Question

The figure shows the position time graph of an object in SHM. The correct equation representing this motion is –

\[\begin{align}
& \text{A) 2sin(}\dfrac{2\pi }{5}t+\dfrac{\pi }{6}) \\
& \text{B) 4sin(}\dfrac{\pi }{5}t+\dfrac{\pi }{6}) \\
& \text{C) 4sin(}\dfrac{2\pi }{6}t+\dfrac{\pi }{3}) \\
& \text{D) 4sin(}\dfrac{2\pi }{12}t+\dfrac{\pi }{6}) \\
\end{align}\]

Answer 1

Hint: We need to refer to the figure in which the position time graph variation is given. The equation of motion of a body undergoing a simple harmonic motion can be easily identified from its position-time graph which is given in this problem and so can be solved.

Complete answer:
We are given the position versus time graph of a body which is said to be undergoing simple harmonic motion.
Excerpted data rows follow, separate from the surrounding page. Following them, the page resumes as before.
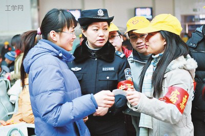 6日上午,在哈尔滨火车站候车室,10名戴着志愿者小黄帽的大学生正在协助民警开展春运客票调查活动。他们通过了解旅客客票来源、票价,协助警方随时掌握管区内不法售票情况,保证春节和大冬会期间广大旅客免受不法侵害。
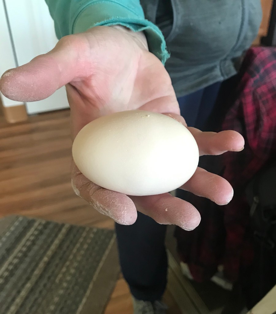 We’ve had some really interesting eggs too. This one in Sue’s hand is a chicken egg! It was bigger than some of our duck eggs. It was too big to fit in any egg carton, so I put it in the fridge for us to use one morning. I just asked that, if she used it, and it was a double yolker, that she take a photo.
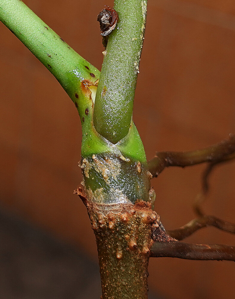 Cercestis blancii, stem embracing sheathing leaf base, induration of the geniculum due to multiple corky epidermal cell layers, Nkol Elon, Campo, Cameroon
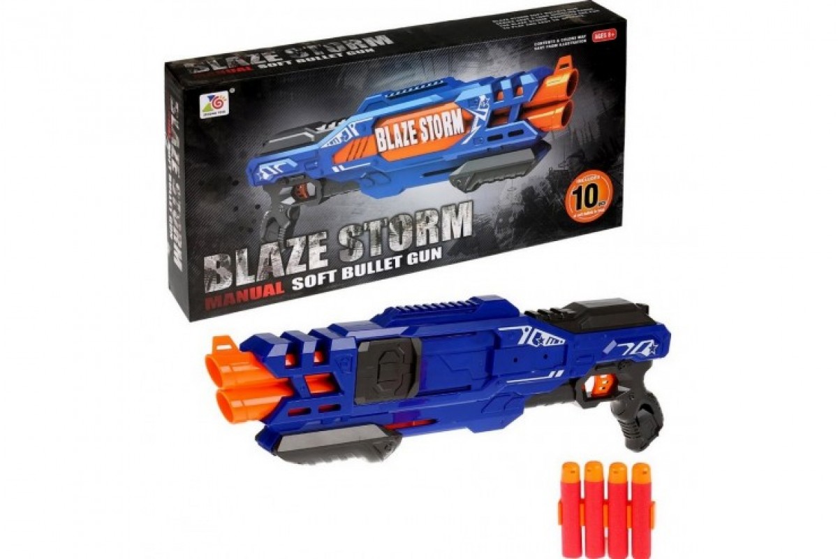 Дробовик бластер BlazeStorm с мягкими МЕГАпулями (двойной выстрел) - ZC7111 - это механический дробовик с мягкими пулями (большие красные). Двойной выстрел. Есть крепление для 4-х дополнительных боеприпасов.

We know that the basic equation for a simple harmonic motion can be written as –
\[x=A\sin (\omega t+\phi )\]
Where, x is the displacement of the object at the time ‘t’, A is the maximum amplitude of displacement from the mean position, \[\omega \] is the angular frequency of the oscillation of the body and \[\phi \] is the initial phase difference if any.
We can see from the graph that we will get many quantities which can be used to find the equation of the simple harmonic motion. The maximum amplitude is the maximum value of displacement from the mean position, which is indicated on the graph as the maximum height from the time axis.
Here, the amplitude can be observed to be 4 cm in both directions (positive and negative x-axes).
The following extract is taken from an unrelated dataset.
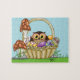 Eine niedliche, braune Eule, die in einem Osterkorb mit Ostereiern sitzt.
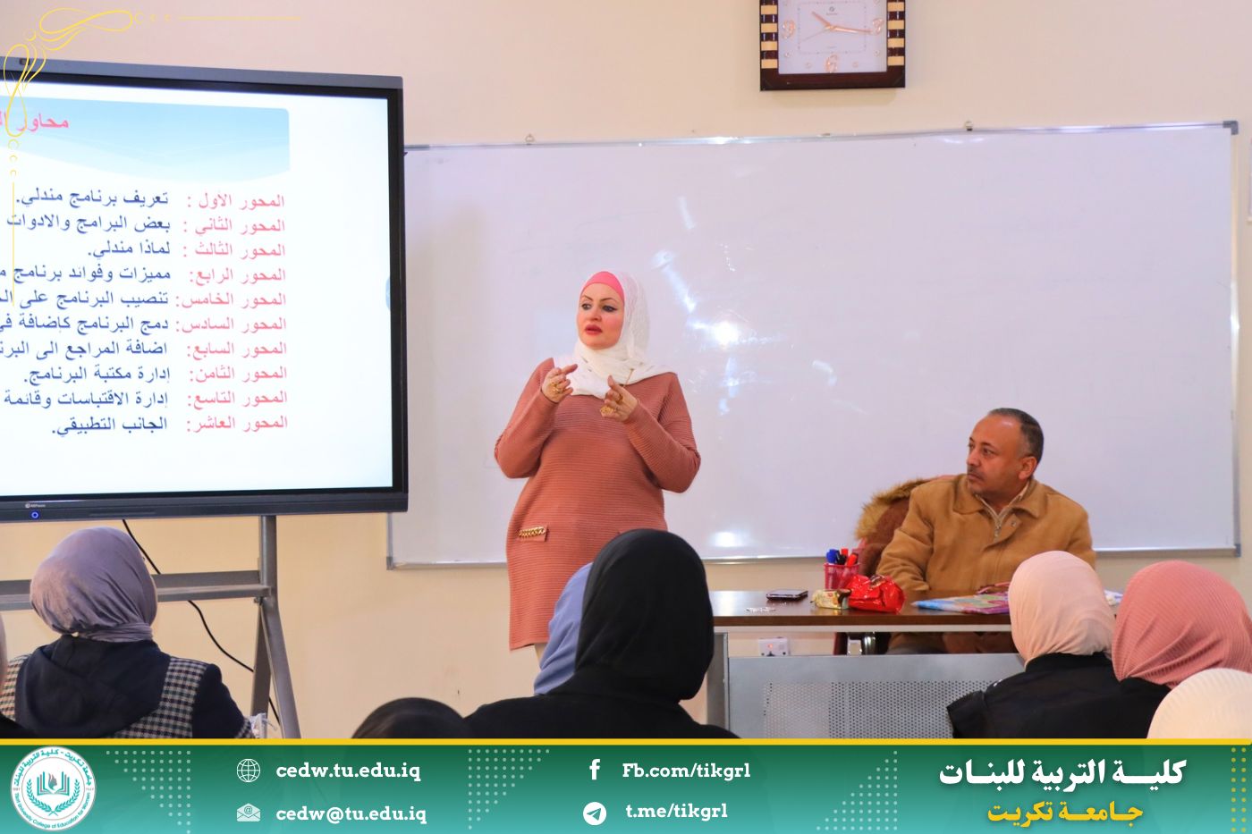 اقام مركز التعليم المستمر بالتعاون مع كلية التربية للبنات قسم الرياضيات دورة بعنوان : تطبيق مندلي في كتابة البحوث والأطاريح، وذلك ليومي الاثنين والثلاثاء الموافق ١٠ - ١١ / ٢ / ٢٠٢٥ على رحاب قاعة المرحلة الثالثة - قسم رياضيات

Now, we can see that the point from which the harmonic motion starts on the x-axis is not at the origin. It is at a displacement of 2 cm from its mean position. With this we can find the initial phase difference as –
\[\begin{align}
  & x=A\sin (\omega t+\phi ) \\
 & \text{At }t=0,x=2cm \\
 & \Rightarrow 2=4\sin (0+\phi ) \\
 & \Rightarrow \dfrac{1}{2}=\sin \phi \\
 & \therefore \phi =\dfrac{\pi }{6} \\
\end{align}\]
We get the phase difference as\[\dfrac{\pi }{6}\].
Now, we are given the one complete oscillation. The time taken for half of a complete oscillation is given as –
\[\begin{align}
  & {{T}_{half}}=11-5\text{seconds} \\
 & \Rightarrow {{T}_{half}}=6s \\
 & \therefore T=12s \\
\end{align}\]
We can find the angular frequency from the time period as –
\[\begin{align}
  & \omega =2\pi f \\
 & \Rightarrow \omega =\dfrac{2\pi }{T} \\
 & \therefore \omega =\dfrac{2\pi }{12}ra{{d}^{-1}} \\
\end{align}\]
Now, we have all the required unknowns to get the equation of the simple harmonic motion. So, we get the equation as –
\[\begin{align}
  & x=A\sin (\omega t+\phi ) \\
 & \therefore x=4\sin (\dfrac{2\pi }{12}t+\dfrac{\pi }{6}) \\
\end{align}\]

The correct answer is option D.

Note:
The equation of motion of a simple harmonic motion can be easily derived from the observations of basic measurable quantities such as the displacement from the mean position, its time period or the frequency and the initial displacement as we have done here.